Jyoti Chugh Verma, my friend from The Times of India, gifted me an unforgettable recreational experience of a lifetime. She took me sailing off Gateway of India in the mid-1980s. The joy of the early morning winter breeze with the soft waves lapping close and the sweaty activity of managing the sails and observing the beauty of the ocean and skies in the stillness are memories embedded for life. Nostalgia!




Thirty-five years later, Mumbai’s beautiful coastline and yachting as a sporting recreational activity is today out of bounds for people with disabilities on wheelchairs. Such is the case for almost every kind of therapeutic sports recreation in India. We Indians may be proud and excited about our 19 Paralympian winners but we see only their smiles not the struggles, strife or misery that lie behind their successes. That they bring laurels to their country is only an afterthought as they are persons with disabilities.

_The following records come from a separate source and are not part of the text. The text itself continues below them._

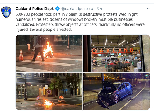 Об этом сообщила полиция Окленда в Twitter. Правоохранители задержали нескольких человек.
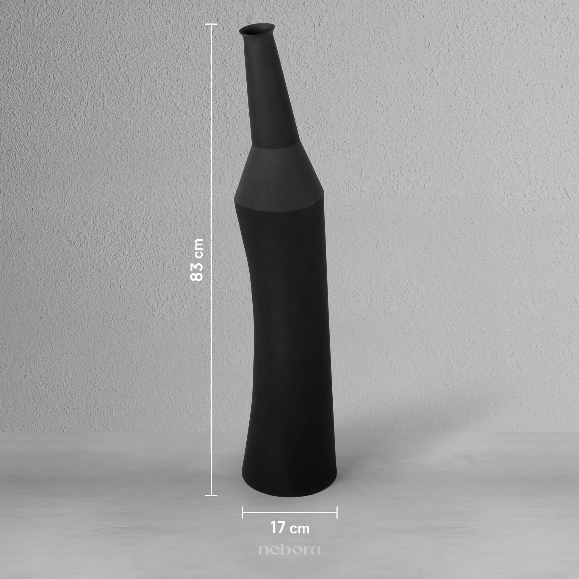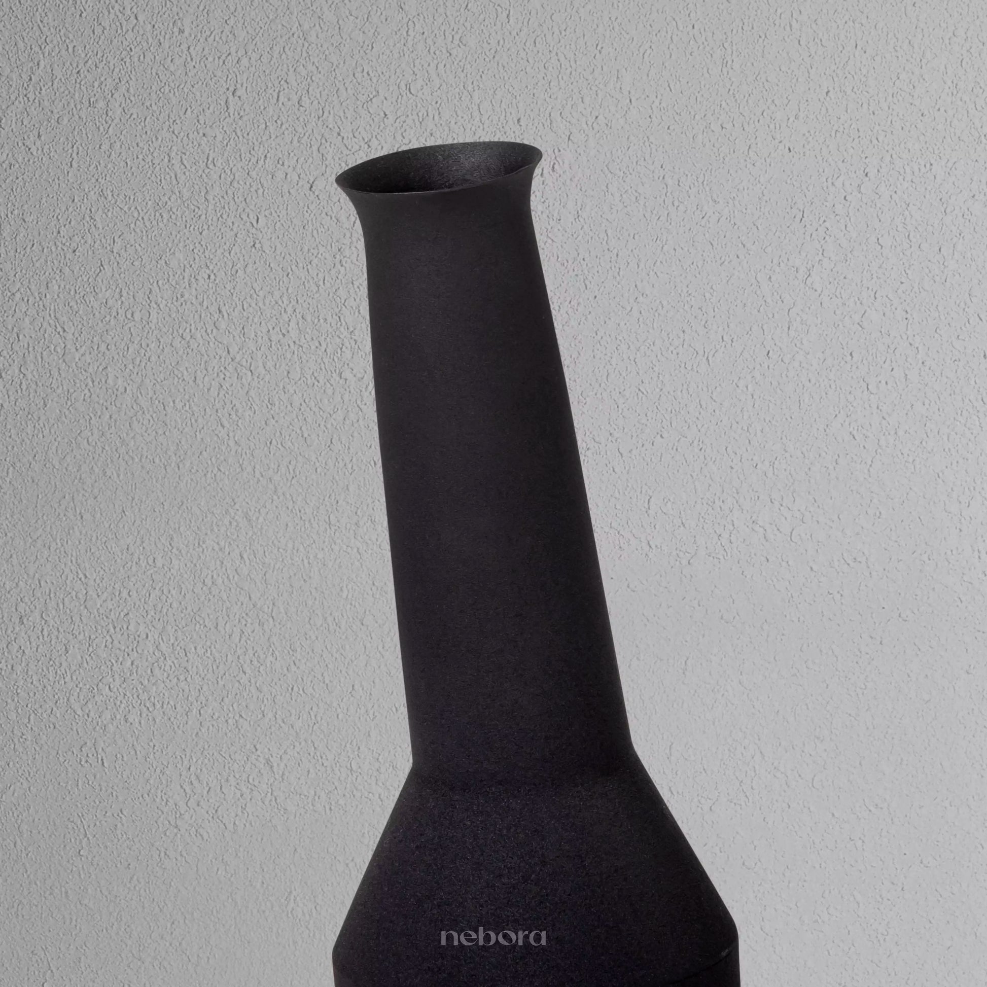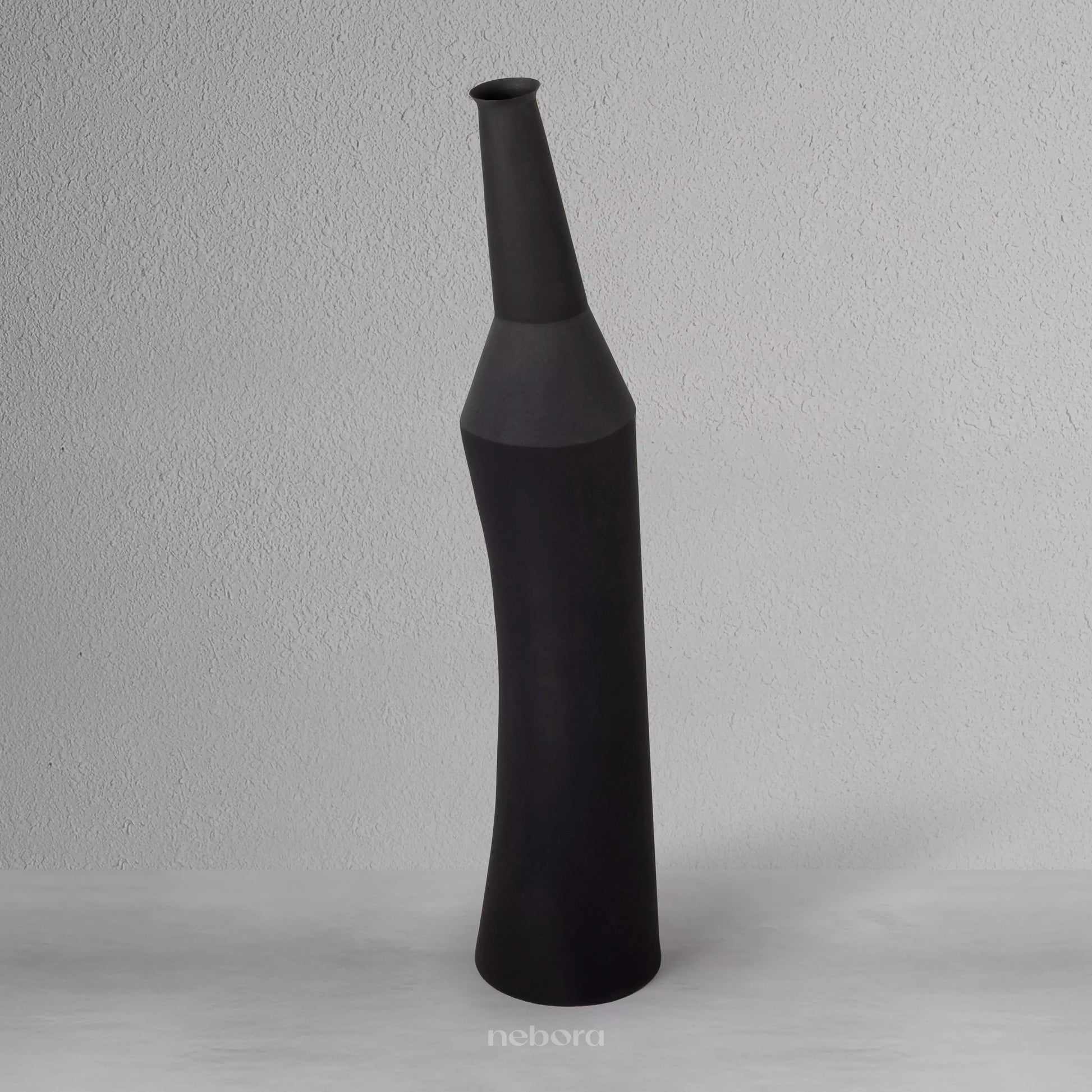 This Onyx Vase is a beautiful expression of modern sculpture, with sleek, bottle-like silhouettes of varying heights. The larger vase features a graceful, subtle curve that contrasts beautifully with the straight, elegant form of its smaller counterpart. Finished in a profound matte black, this vase is a perfect statement for a console table or a mantel, where it will infuse your home with a sense of quiet drama and minimalist sophistication.
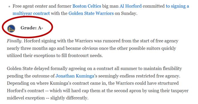 事实也是,在Shams报道之后,即便没有给出具体的合同金额(大概率就是2年1200万左右),ESPN依然给出了A级评价,这个年近不惑的老将依然全能,下赛季势必能给勇士带来巨大帮助。
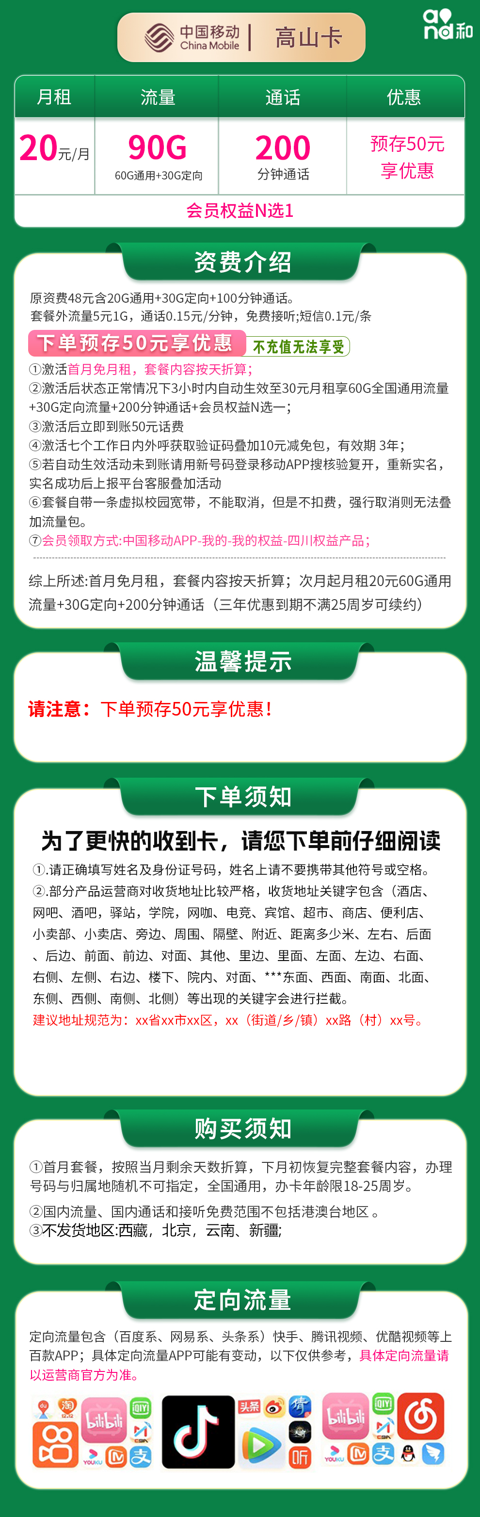 移动高山卡:月租20元,含90G全国通用流量和200分钟通话。
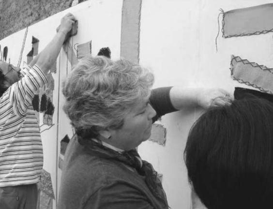 La piel de la memoria - proposta colaborativa da artista Suzanne Lacy com a antropóloga Pilar Riaño-Alcalá e os habitantes do bairro de Antióquia, Medellín, no projeto La Piel de la Memoria, Barrio Antioquia: Pasado, presente y futuro, foi promovido pela
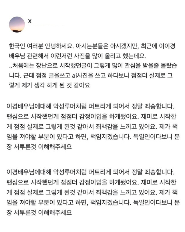 독일인 여성 A씨는 22일 "최근 이이경 관련해서 이런 저런 사진을 많이 올렸다"면서 "처음에는 장난으로 시작했던 글이 그렇게 많이 관심을 받을 줄 몰랐다. 근데 점점 글을 쓰고 AI 사진을 쓰고 하다 보니 점점 더 실제로 그렇게 제가 생각하게 된 것 같다"며 사과 글을 게재했다.
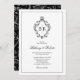 Mergulhe no reino da elegância e romance com nossos Convidados de Casamento Monograma Rococo. Feitos com precisão, esses convites apresentam uma mistura harmoniosa de um fundo branco simplista com o atrativo de um quadro de ornamentado preto, com suas iniciais como peça central. Nosso modelo de casamento personalizável permite que você faça seu toque pessoal em todos os detalhes. Ao contrário, há um lindo padrão ornamental.
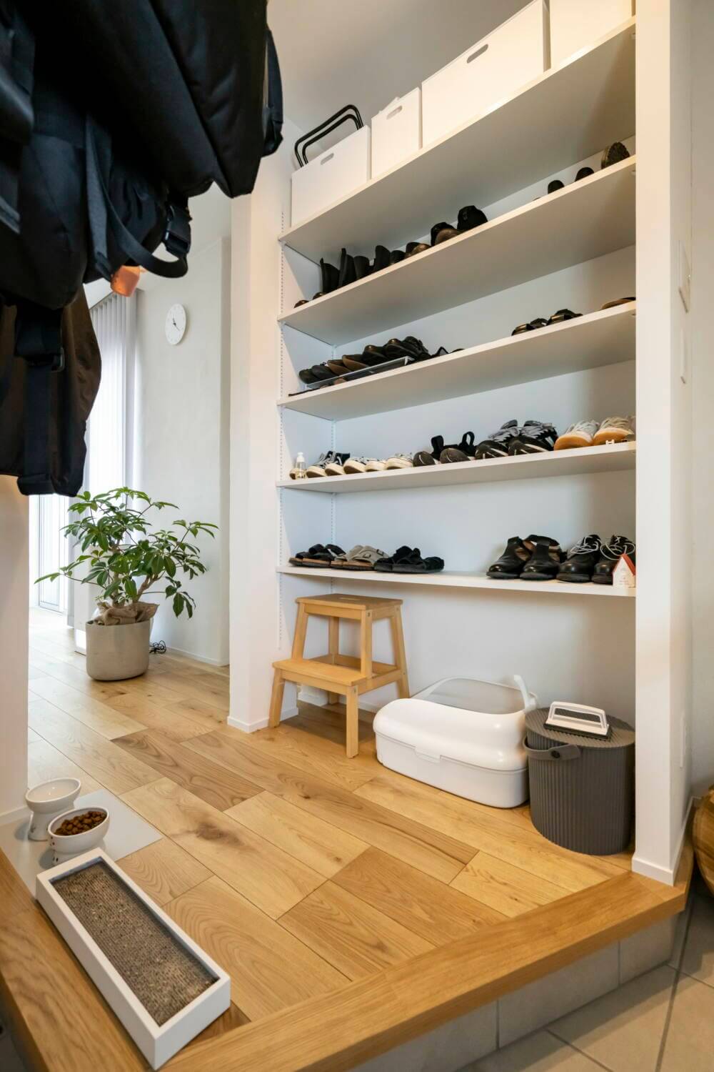 玄関収納は、出発・帰宅動線を考えた設計に。靴はもちろん、カバンや衣服を掛けられるようにしました♪
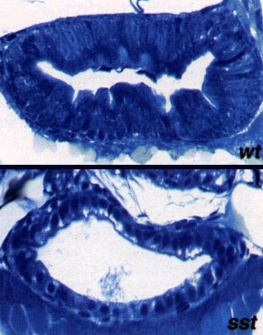 OPTICS: MAGNIFICATION: DATE OF IMAGE: SUBMITTER COMMENTS: Histological sections through mid-intestine of wild-type (top) and mutant (bottom) embryos. In the mutant, epithelium is not fully polarized and shows signs of degeneration.
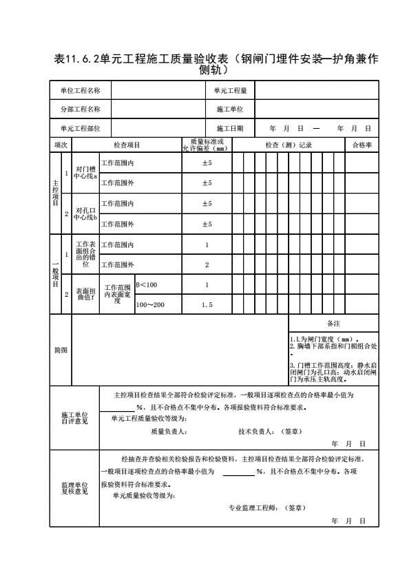 表格名称:表11.6.2 单元工程施工质量验收表(钢闸门埋件安装—护角兼作侧轨)

Personally, I have always been adventurous and sporty, representing my school in basketball, throwball and baseball. During college, I coached for badminton, played garba and dandiya as well as visited discotheques and danced to peppy music!
Recreational wheelchair sports rehabilitation has been an integral therapeutic group activity at our NGO Nina Foundation too. The needs, aspirations and dreams of a human being remain unchanged, disability notwithstanding. In fact, the very first milestone for us was sponsoring wheelchair cricket and throwball trophies for our national sports in 2000!
I dream of golf courses, athletics, dirt biking, swimming, archery, wheelchair racing, and green parks – all with a sign that says ‘Open for All!’ The new definition of ‘winners’ are those humane people who empathise, enable and execute infrastructure design and projects, enabling every citizen to participate in every recreational activity right from the thinking phase. Thinking holistically and bringing about wheelchair access to locker spaces, to sports stores rackets, bat-ball washrooms, changing rooms, cafes et al. There needs to be training for all coaches, trainers, lifeguards and all the staff including the security personnel who seem to think that ‘wheelchairs harm the curated basketball, tennis or badminton courts; but they do in fact, hurt the self-esteem and confidence of the wheelchair user!’
As part of social community service, we should also encourage our youth to volunteer and support players with disability, wheeling them from their home or workplace to the gymkhana, stadium, court or ground and relieving their family members. This new breed of empathetic doers can convert them from mere cheering spectators to true winners. Enabling such an India – with the freedom to live, work and play – would be the real respect and honour to eighty million persons with disabilities in the country. Work-life balance, fitness, exercise, a break from routine, going out in the sunlight, socialising and releasing endorphins or ‘happy hormones’ – everyone needs these!
One of the items on my bucket list is to play badminton with my brother Dhaval like we did in our younger days. Indian Gymkhana is close by, I have my sports wheelchair and racket, and Dhaval is ready to serve. The only hitch is that the court is on the first floor without an elevator! Do I hear some empathetic players make this accessible for all? Let us keep in mind that a fit mind and body is for the benefit of all… not just for mine!
In the words of Harry Allen Overstreet: “Recreation is not a secondary concern for a democracy. It is a primary concern. The kind of recreation people make for themselves, determines the kind of people they become and the kind of society they build.”